The Baldacchino Gypsy Tent, with a loud crowd thronging in the bar next door, is the perfect setting. The crowd will likely be inside, too, standing against the edges of the tent, packed in for Nu Sass’ production of Tent of Dreams: An Occuplay, by Emily Crockett.
The fictional setting is McPherson Square. A young reporter, intent on livestreaming events at Occupy DC’s encampment, gets swept up in the Occupy movement, becoming a park denizen herself. The framework is a good one for the play, which explores Occupy DC’s motivations, modus operandi, and achievements. Lydia, the reporter (played by Joanna Stevens) asks questions as an outsider and presses for clear responses, whether she is interviewing a park police officer or the most militant of the protesters.

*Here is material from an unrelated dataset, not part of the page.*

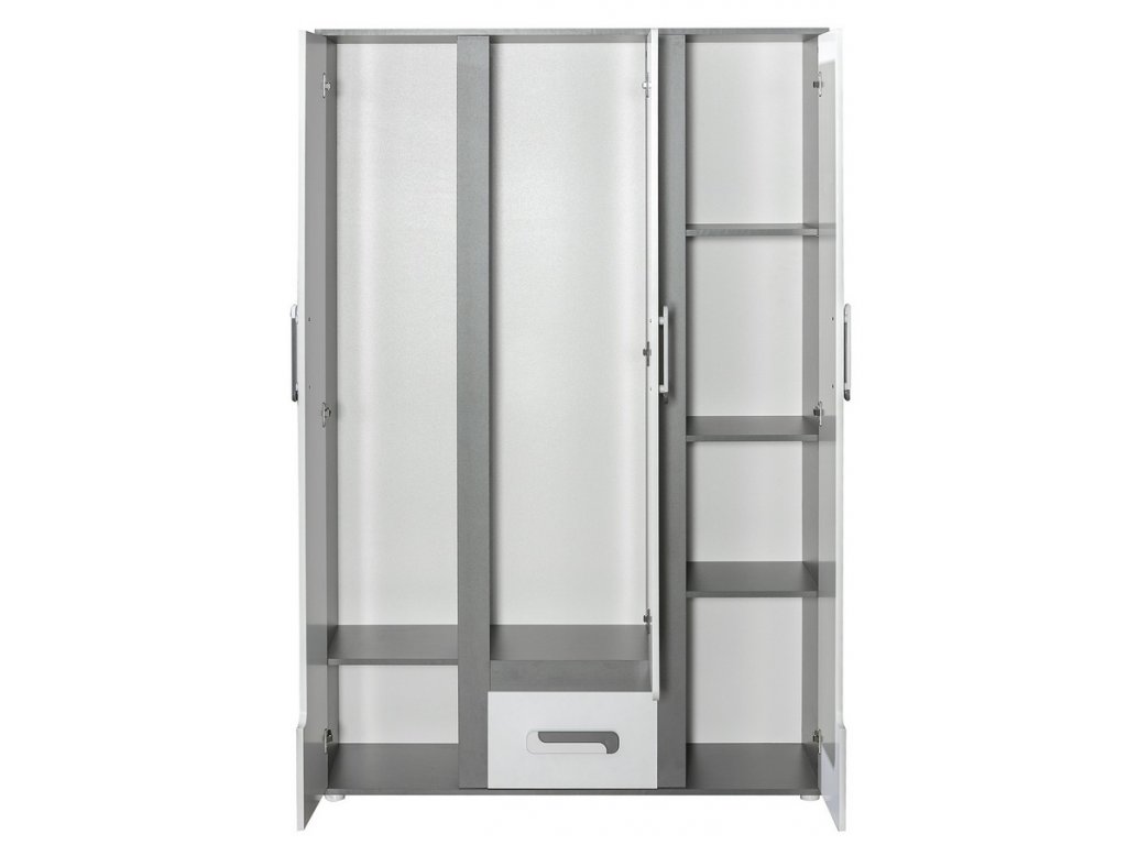 Třídveřová šatní skříň APETTITA ze sektorové řady, která se vyznačuje netradičním zpracováním barev a originalitou úchytů. Tento styl nábytku zaujme každou mladší generaci. Skříň je vyrobena z kvalitní LTD desky hraněné ABS lištou. Korpus je v barvě šedá antracit, dveře jsou bílé matné. Úchytky jsou v barevné kombinaci antracit/bílá . Uvnitř skříně je šatníková tyč a police, v dolní části je zásuvka. Sektorový nábytek APETTITA má široký výběr prvků, který Vám zaručí sestavit si dětský nebo studentský pokoj, ložnici či kancelář podle svých potřeb, přání a představ. Dodáváme v demontovaném stavu.Doplňkové parametry

Crockett, in fact, was a reporter – she covered the Occupy DC Movement for Campus Progress -and her play does a good job of faithfully representing the events, atmosphere and diversity in the movement. Abe, a homeless man, is fully drawn, beautifully played by Ed Klein. A police-averse anarchist, movingly played by Danielle Hutchinson, is given plenty of room to voice her more radical perspective, along with the events that gave rise to it. A brainy, reasonable facilitator (Aubri O’Connor) is caught between respect for the ideals of the movement and the comforts of her nearby apartment and full-time job. Jacob, an aspiring preacher (John Brougher) and Razz, a hippie (Kelly Keisling) are opposites in temperament but fully commit to the movement’s ideals.
And just what are those ideals? One of the valuable aspects of this play is that it spells them out, while at the same time delineating the struggles protesters had as they attempted to articulate them to a wider audience. In one scene, a mainstream reporter asks what the movement is about. “We’re against homelessness, corporate greed, environmental destruction,” comes the answer. Reporter: “Can you be more specific?”
Tent of Dreams has informal, improvisational feel – a style that mirrors the Occupy Movement itself. And, as in the Occupy movement, decision-making on the play was collaborative. “We brought in a reporter and asked her to become a playwright,” director Emily Todd says in her program note. “We collected actors and asked them to hang out in a park, meet people, and then create a character based on those interactions. We spent weeks improvising before beginning to work with a script, which we edited together . . . .”
Because it faithfully renders the struggles, hopes, and accomplishments of Occupy DC and at the same time is watchable, funny, and even moving, Tent of Dreams is an important work, well worth every viewer’s time.